Male common grasshopper warblers try to attract females by displaying to them. They walk or run along twigs with tail spread, fluttering their wings as they raise and lower them, often carrying a grass or leaf in their beak. In the air, with wings well extended and fluttering, they spread their tail and fluff their feathers.

Both sexes take part in nest-building. The nest is well-concealed and built close to the ground in such places as grass tussocks, gorse bushes, osier beds, reed beds, tangled hedgerows, scrub and among coarse heather plants on moorland. It varies in size and shape but is constructed of grasses, sedges and mosses and often lined with fine grasses. A clutch of four to six eggs is laid. These are creamy white speckled with fine reddish spots, usually randomly distributed but sometimes merged into blotches or zones.
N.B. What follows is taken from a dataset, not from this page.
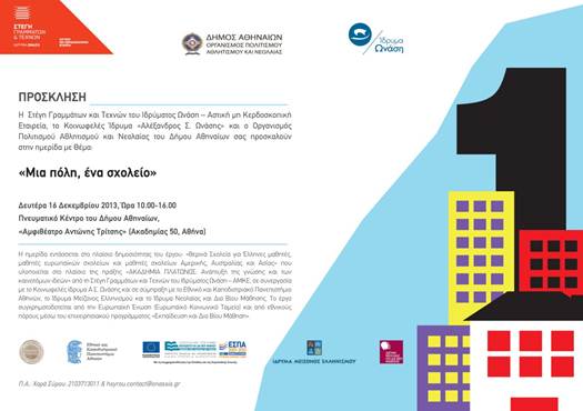 ΜÝσα σε Ýνα σýγχρονο οικιστικü περιβÜλλον εξελßσσεται μια ιστορßα χιλιÜδων ετþν. Τα σýγχρονα κτßρια, τα διαχρονικÜ μνημεßα, τα πÜρκα, οι δρüμοι, οι πλατεßες, τα σοκÜκια διηγοýνται σε μικροýς και μεγÜλους την ιστορßα τους και τους οδηγοýν σε νÝα μονοπÜτια σκÝψης, δημιουργßας και προβληματισμοý. Στον ιστü της πüλης υπÜρχουν τα περισσüτερα μουσεßα, πολιτιστικÜ κÝντρα και χþροι δημιουργßας και Ýκφρασης. Το καθÝνα απü αυτÜ Ýχει μια ζωντανÞ παρουσßα και παρÝχει στους επισκÝπτες εξαιρετικÝς ευκαιρßες και δυνατüτητες μÜθησης και αναψυχÞς. Σκοπüς της ημερßδας εßναι να αναδεßξει τον τρüπο με τον οποßο μια πüλη γßνεται Ýνα ανοικτü σχολεßο για üλους και τη συμβολÞ του πολιτισμοý, των γραμμÜτων και των τεχνþν στην εκπαßδευση, εßτε πρüκειται για μαθητÝς, εßτε για φοιτητÝς, εßτε για ενÞλικες ¸λληνες και ξÝνους, εßτε για τις ομÜδες ατüμων με ξεχωριστÝς ικανüτητες. Στüχος της ημερßδας εßναι να αναδειχθοýν οι καλÝς πρακτικÝς των φορÝων του πολιτισμοý που δραστηριοποιοýνται σε εκπαιδευτικÜ προγρÜμματα και η μεταφορÜ της εμπειρßας των ατüμων της εκπαιδευτικÞς κοινüτητας, προκειμÝνου να παραχθοýν νÝες προτÜσεις που θα ενισχýσουν τις συνεργασßες των χþρων του πολιτισμοý μεταξý τους και θα διευρýνουν τη συμμετοχικüτητα των εκπαιδευομÝνων. Μεταξý των ομιλητþν διακρßνονται η ΓενικÞ ΓραμματÝας του Υπουργεßου Πολιτισμοý και Αθλητισμοý, κυρßα Λßνα Μενδþνη, οι υπεýθυνοι των μεγÜλων μουσεßων και πολιτιστικþν χþρων της ΑθÞνας, επιστÞμονες και εμπειρογνþμονες που ασχολοýνται με τις ειδικÝς ομÜδες και κατηγορßες του πληθυσμοý. Η ημερßδα εντÜσσεται στο πλαßσιο δημοσιüτητας των δρÜσεων: «ΘερινÜ Σχολεßα για ¸λληνες μαθητÝς, μαθητÝς ευρωπαúκþν σχολεßων και μαθητÝς σχολεßων ΑμερικÞς, Αυστραλßας και Ασßας» που υλοποιÞθηκαν το 2012 και το 2013 στο πλαßσιο της πρÜξης «ΑΚΑΔΗΜΙΑ ΠΛΑΤΩΝΟΣ: ΑνÜπτυξη της γνþσης και των καινοτüμων ιδεþν» απü τη ΣτÝγη ΓραμμÜτων και Τεχνþν του Ιδρýματος ΩνÜση – ΑΜΚΕ, σε συνεργασßα με το ΚοινωφελÝς ßδρυμα Α.Σ. ΩνÜσης και σε σýμπραξη με το Εθνικü και Καποδιστριακü ΠανεπιστÞμιο Αθηνþν και το ºδρυμα Μεßζονος Ελληνισμοý. Το Ýργο συγχρηματοδοτεßται απü την ΕυρωπαúκÞ ¸νωση (Ευρωπαúκü Κοινωνικü Ταμεßο) και απü εθνικοýς πüρους μÝσω του επιχειρησιακοý προγρÜμματος «Εκπαßδευση και Δια Βßου ΜÜθηση». Με αφορμÞ το συμβολισμü της Ακαδημßας ΠλÜτωνος, η οποßα Þταν Ýνα ολοκληρωμÝνο πνευματικü κÝντρο της αρχαßας ΑθÞνας και μßα απü τις παλαιüτερες γειτονιÝς της σημερινÞς ΑθÞνας, ¸λληνες και ξÝνοι μαθητÝς συμμετÝχουν σε Ýνα πολýπλευρο πρüγραμμα βιωματικÞς μÜθησης με θεματικü πυρÞνα τον ελληνικü πολιτισμü στη διαχρονßα του. Στους δýο κýκλους φιλοξενßας των Θερινþν Σχολεßων, που πραγματοποιÞθηκαν τον Ιοýλιο 2013, συμμετεßχαν εβδομÞντα μαθητÝς του Γενικοý Λυκεßου Ροδολßβους απü τις ΣÝρρες, του Stedelijk Gymnasium Leiden απü το ΛÝιντεν της Ολλανδßας, του National High School for Ancient Languages and Cultures “St. Constantine Cyril the Philosopher” απü τη Σüφια της Βουλγαρßας, του Institut du Sacré-Coeur απü τη Μονς του Βελγßου και της Frederick Douglass Academy απü τη ΝÝα Υüρκη των ΗΠΑ. Οι ¸λληνες και ξÝνοι μαθητÝς παρακολοýθησαν μια ποικιλßα απü ενδιαφÝροντα θÝματα και ασχολÞθηκαν εποικοδομητικÜ με τα διαφορετικÜ γνωστικÜ αντικεßμενα στο ευρýτερο πνεýμα της «Ακαδημßας ΠλÜτωνος». Συγχρüνως εßχαν την ευκαιρßα να γνωρßσουν τη σýγχρονη ΕλλÜδα και τους ανθρþπους της. ΜÝσα απü τις πλοýσιες δραστηριüτητες βßωσαν τη γνþση, μÝσ

The eggs measure 18 by 14 mm and weigh about 1.7 g. Both parents are involved in incubating the eggs which takes about fourteen days. The chicks are altricial and are fed on insects. They fledge in twelve to thirteen days and there are usually two broods in the season. Young birds become mature at a year old and the highest recorded age for this species is five years.

===Food and feeding===
The common grasshopper warbler is insectivorous, feeding on a wide range of invertebrates. Its diet includes flies, moths, beetles, aphids, dragonflies and mayflies and their larvae. Spiders and woodlice are also eaten and the chicks are fed on aphids, green caterpillars, woodlice and flies.

==Status==
The common grasshopper warbler is assessed by the IUCN in their Red List of Threatened Species as being of Least Concern. This is because it has a large total population and an extensive range. The population in Europe is estimated to be between 840,000 and 2.2 million breeding pairs with a total of 2.5 to 6.6 million individuals. As Europe amounts to about two thirds of its total range, the world population is estimated to be in the region of 3.4 to 13.2 million individuals. The total number of birds may be on the decline because of habitat loss, but not to an extent that would warrant listing the bird under a higher risk category. In a study examining the possible effects of global warming on the range of various species of bird, it was estimated that the breeding range of the common grasshopper warbler would be displaced several hundred miles northwards and would cover the British Isles and the whole of Scandinavia but that it would cease to breed in much of its present range in mainland Europe.